Source code for the Ethereum Alarm Clock service
WIP - development in progress to get the EAC working. Please join the Gitter chat for active updates.
The Ethereum Alarm Clock is a smart contract protocol for scheduling Ethereum transactions to be executed in the future. It allows any address to set the gas, value and bytecode parameters of a custom transaction and gives pretty good guarantees that the transaction will be executed during a desired window. The EAC is agnostic to callers so can be used by both users and other smart contracts.
Additionally the EAC faciliates the execution of this pool of scheduled transactions through a command-line client. The EAC daemon continuously runs and searches for transactions which are scheduled to be executed soon then claims and executes them. Part of the design goal is to design incentives for people to run the EAC daemon for some sort of profit.
Tests have been ported to JavaScript and can now be run using the Truffle Suite
Originally the test suite was written in Python using the Populus framework, these still exist for reference under the tests/ directory. However, we have ported over the suite to use the Truffle framework since this may be more familiar to developers who know the JavaScript Ethereum tooling. These tests can be found in the test/ directory but be warned - this repo is in active development and many of the tests are likely to start breaking. If you would like to fix or contribute a test please open an issue or contribute a pull request.
Make sure you're using node v8.0.0, truffle v4.0.0 and testrpc v6.0.1.

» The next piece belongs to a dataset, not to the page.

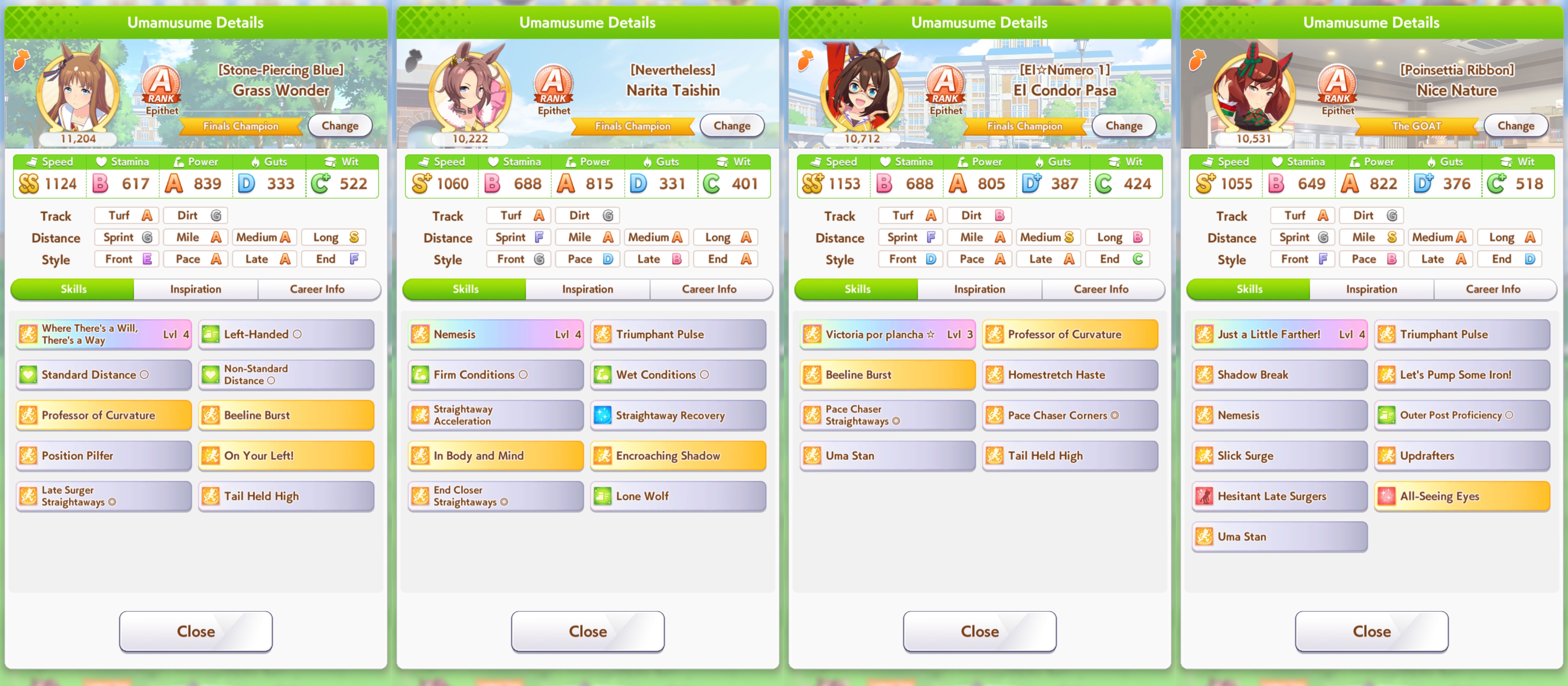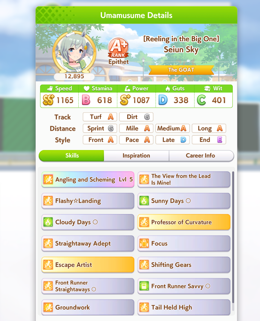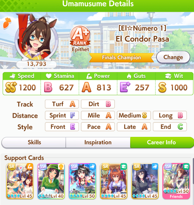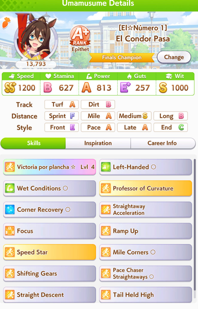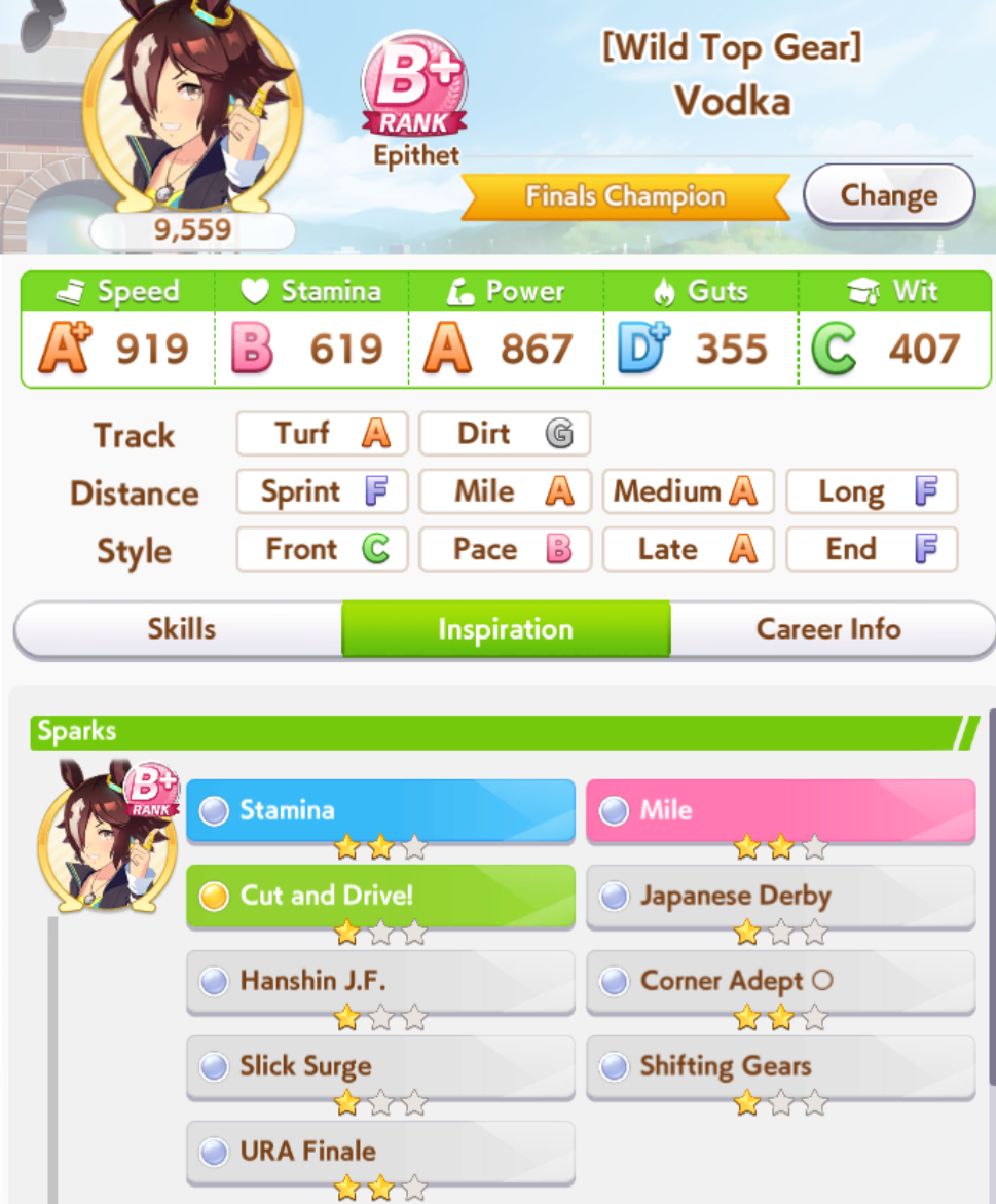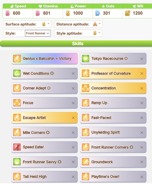 >>5626919 Умения собрать это рандом, как повезет. Ну или можно конечно забрутфорсить так сказать кучей карьер, рано или поздно совпадут и статы и умения (может быть) и ещё какой-нибудь S накинет в нужную дистанцию или тип ипподрома.

Start testrpc in a terminal window by running testrpc
.
In another terminal run truffle test
at the root of the directory.
Between each instance of running the tests it is advised to rebuild your build/ folder, as this may lead to bugs if not done. You can do this by running the command rm -rf build/
and then running truffle compile
, truffle migrate
and truffle test
.
Currently there exists some documentation in the docs/ directory, but I make no guarantees that anything in there is up-to-date. Part of the work of the revitalization effort is to produce more in-line documentation in the code. To be safe, always refer to the documentation in the code as the final say as changes are migrating from the codebase back out into the docs currently.
We host developer documentation via Doxitiy on github pages.